Susskind is no shy credit-taker himself. He speaks of the three movies produced with his money--Edge of the City, Raisin in the Sun, and Requiem for a Heavyweight-- as "my pictures." And he regards the art of television as something akin to artistic portraiture. "That Brando interview," he said of an Open End show which will soon run in Boston, "was a really masterful portrait of a human being."

Susskind is proud that he "created the atmosphere of candor" in this show. The first hour of the interview is devoted to Brando's interests, particularly the Far East. "If I had come right out and asked him, 'Why are you suing the Saturday Evening Post?' he would have thought of me as some kind of gossip and wouldn't have talked. But after an hour he felt comfortable. He regarded me as his friend. And he said, 'Of course I'll tell you why I'm suing them, David....'" As an afterthought Susskind added; "It's like the seduction of a woman."

Along with the successes, he acknowledges a number of defeats. "I lost with Nikita Khrushchev, but there was so much hysteria attendant on his appearance that it was hopeless. My office was picketed, my children were threatened with reprisals...." He feels he also lost with V. Krishna Menon ("so disrespectful, so rude") and Adlai Stevenson ("he had been my political hero, and then, after the interview, well...").
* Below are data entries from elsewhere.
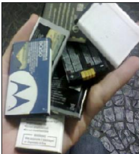
Figura 1. Baterias de lítio coletadas durante a campanha de coleta seletiva na Universidade do Sagrado Coração – USC (SP).

conforme apresentado na Figura 1. Assim, foi realizada uma triagem das baterias arrecadadas, sendo utilizadas apenas baterias de mesmo fabricante e modelo neste projeto, para evitar variação de composição e qualidade do resíduo utilizado.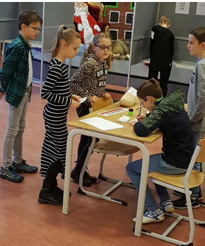
Stemmen in het stemhokje.

Ruim honderd kinderen van OBS De Nieuwe Wereld deden eind vorig jaar mee aan een project over leiderschap en verkiezingen. Leerlingen uit de groepen 7 en 8 richtten daarvoor hun eigen politieke partijen op. Zo waren er dé Sportpartij, dé Partij Voor Begrijpend Lezen, Rekenen en Elektronica (PVBLRE) en dé Partij Voor Allemaal (PVA).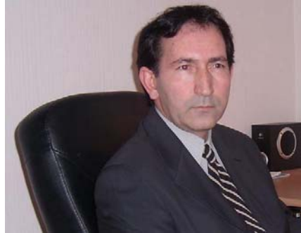
CAPK'Ê DIXWAZE BONA XURTKIRINA LOBÎYA KURD Û PÎRSÊN KURDISTANÎ DENGÊ XWE BÎDE BÎHÎSTANDIN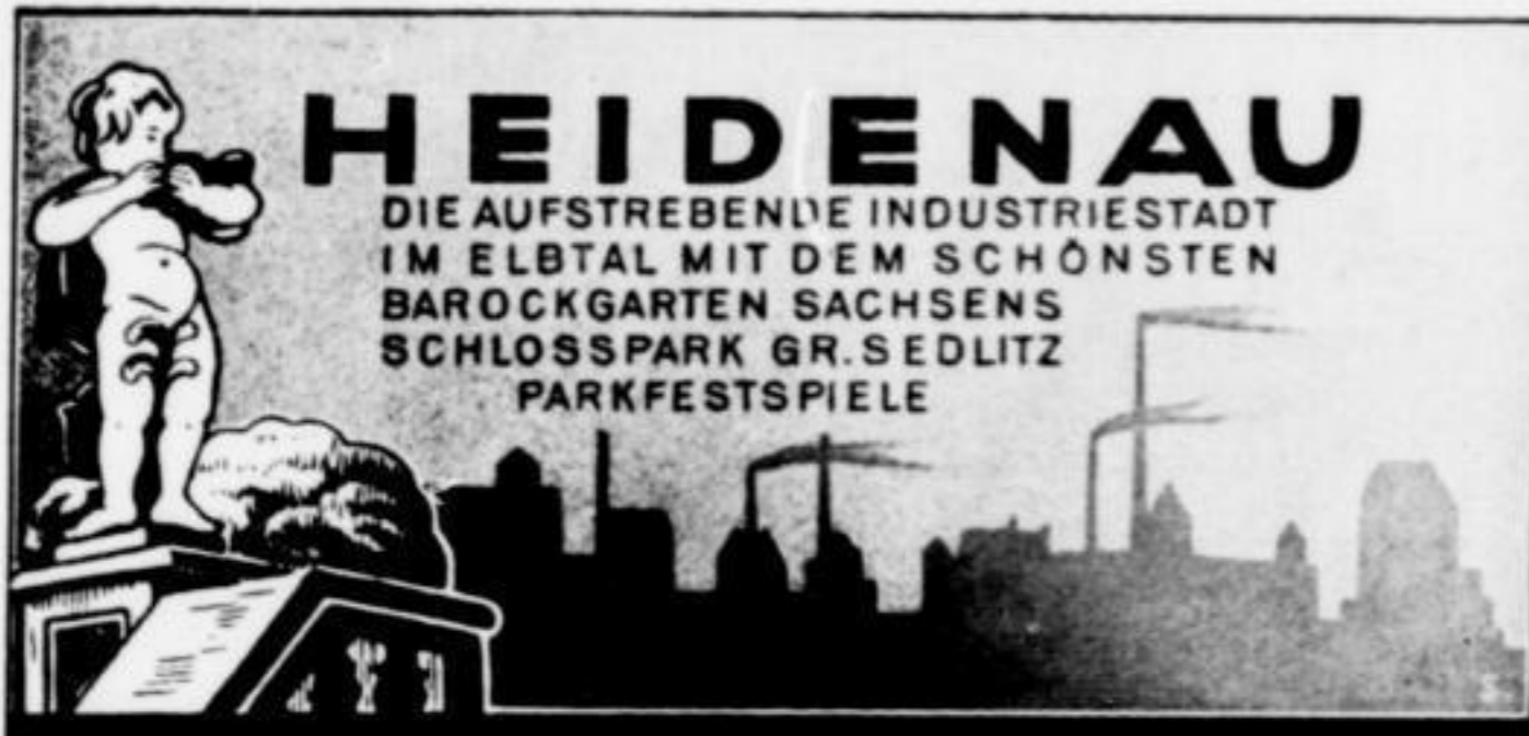
Schloßpark Großsedlitz. Blick zur „Stilien Musik“

Susskind treats politicians more deferentially than other public figures, but the portraiture he seeks in all cases is both personal and professional. "More than anything," he reiterates when discussing his interviewing style, "I want a sense of the man. I know I say things that anger people, but I'll use any style: Harvard charm, overstatement, little-boy charm, direct confrontation.... I know my job is not to win friends and influence people."

The wheeler-and-dealer, a solidly built man of average height, is obviously proud of a thick, curly head of charcoal gray hair. His eyes, at a certain angle, seem also to be charcoal gray, but then they shift and become pale blue. Although he himself has become the subject of interviews and is increasingly sought as a speaker (not an expert) on a wide variety of topics, Susskind spends most of his time in New York with his wife, two daughters, and son. He hopes the boy will go to Exeter and then to you know where.